◆ **SUPPLIED RECORDS**:
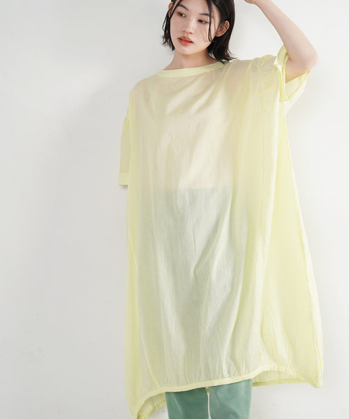 薄手の生地感なのでデニムパンツやプリーツパンツ、スパッツなどとのレイヤードがおすすめです。気分が上がる鮮やかなカラバリで、コーデの主役になること間違いなし!
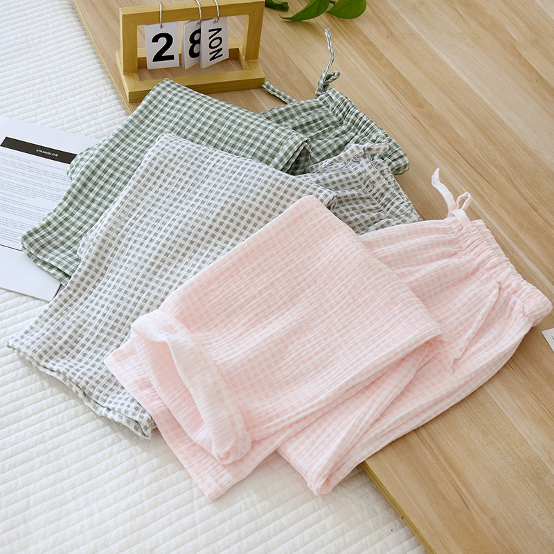 | nameOriginal | Japanese-style Pajama Pants Cotton Double-layer Gauze Small Plaid Loose Girls Pajamas Home Clothes Pants Spring and Summer Thin Large Size |
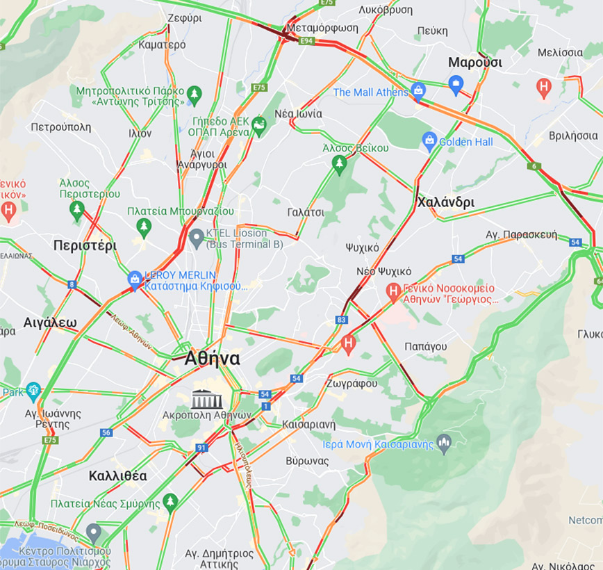 Αυξημένη είναι η κίνηση στη λεωφόρο Μεσογείων, στην Κηφισίας και στα δύο ρεύματα, στη Βασιλέως Κωνσταντίνου και στην άνοδο της Λεωφόρου Συγγρού.
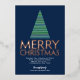 FRONT DESIGN: A modern Christmas Tree with a Watercolor background and ornaments. The greeting - Merry Christmas - is a large foil imprint. A message area is also included with an area to add a family signature and individual names. The background color is navy blue. --------
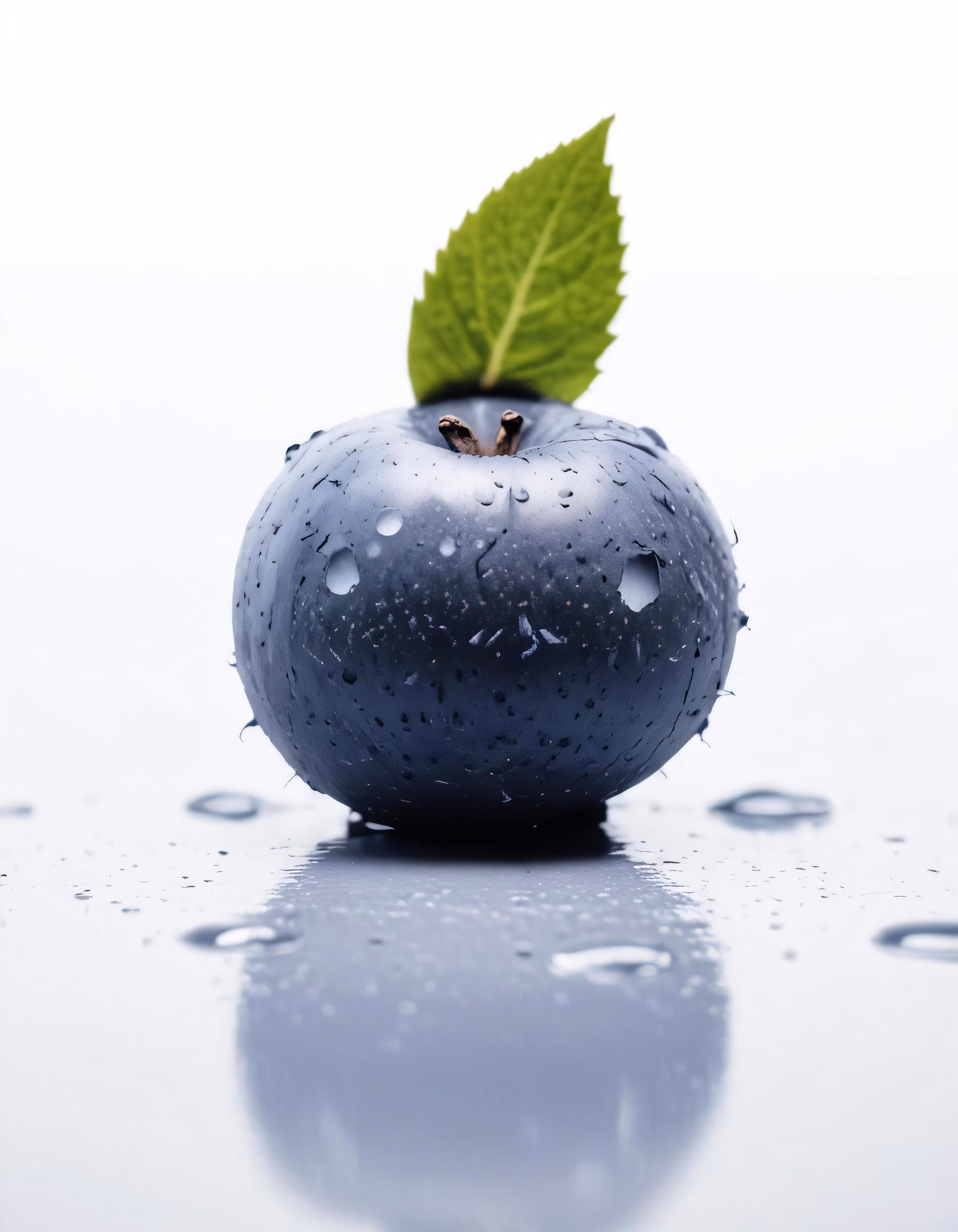 High resolution picture, free to use, a black apple with a leaf attached is sitting on a shiny surface

◆ **TASK INSTRUCTIONS**:
Please set down the records above word for word and omit their pictures.

◆ **RESULT FOR THIS TASK**:
 薄手の生地感なのでデニムパンツやプリーツパンツ、スパッツなどとのレイヤードがおすすめです。気分が上がる鮮やかなカラバリで、コーデの主役になること間違いなし!
 | nameOriginal | Japanese-style Pajama Pants Cotton Double-layer Gauze Small Plaid Loose Girls Pajamas Home Clothes Pants Spring and Summer Thin Large Size |
 Αυξημένη είναι η κίνηση στη λεωφόρο Μεσογείων, στην Κηφισίας και στα δύο ρεύματα, στη Βασιλέως Κωνσταντίνου και στην άνοδο της Λεωφόρου Συγγρού.
 FRONT DESIGN: A modern Christmas Tree with a Watercolor background and ornaments. The greeting - Merry Christmas - is a large foil imprint. A message area is also included with an area to add a family signature and individual names. The background color is navy blue. --------
 High resolution picture, free to use, a black apple with a leaf attached is sitting on a shiny surface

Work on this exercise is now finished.